# THIS is a router.



## Doctor Atomo (Feb 23, 2012)

http://28.media.tumblr.com/tumblr_luio9iyANG1qzw5x3o1_500.jpg

http://28.media.tumblr.com/tumblr_l94q34LSDy1qzw5x3o1_500.jpg

http://29.media.tumblr.com/tumblr_l96i75FRTm1qzw5x3o1_500.jpg

What are you looking at? One of the nicest machines I have ever seen.

A beautiful, massive shop built, 5'x9' 3 axis CNC router over at Kontraptionist Lab in New York City.

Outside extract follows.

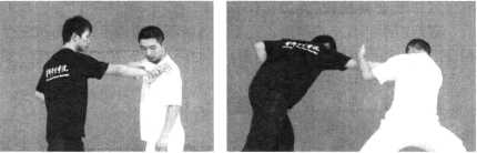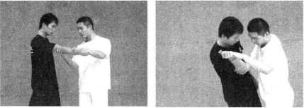对方右手抓我方肩部或胸部时,我方右手掌压拿住对方右手背, 同时右腿向右斜前方进步,随即身体往右稍转,含胸收腹往下沉,同 时左臂屈肘由左上方向内向下砸击对方右臂肘关节,对方臂即断(图 2-55-1,图2—55—2)。

Check out what they're up to here:

Kontraptionist Lab


----------



## jw2170 (Jan 24, 2008)

Now, thats what i'm talkin about..........LOL


----------



## Cherryville Chuck (Sep 28, 2010)

Hook that up to a 100cc Stihl or Husqvarna chain saw motor and Tim "The Tool Man Taylor" would be thoroughly impressed.


----------



## Doctor Atomo (Feb 23, 2012)

*Yup!*



jw2170 said:


> Now, thats what i'm talkin about..........LOL


I went back to school after finding that site, Maj. in manufacturing!


----------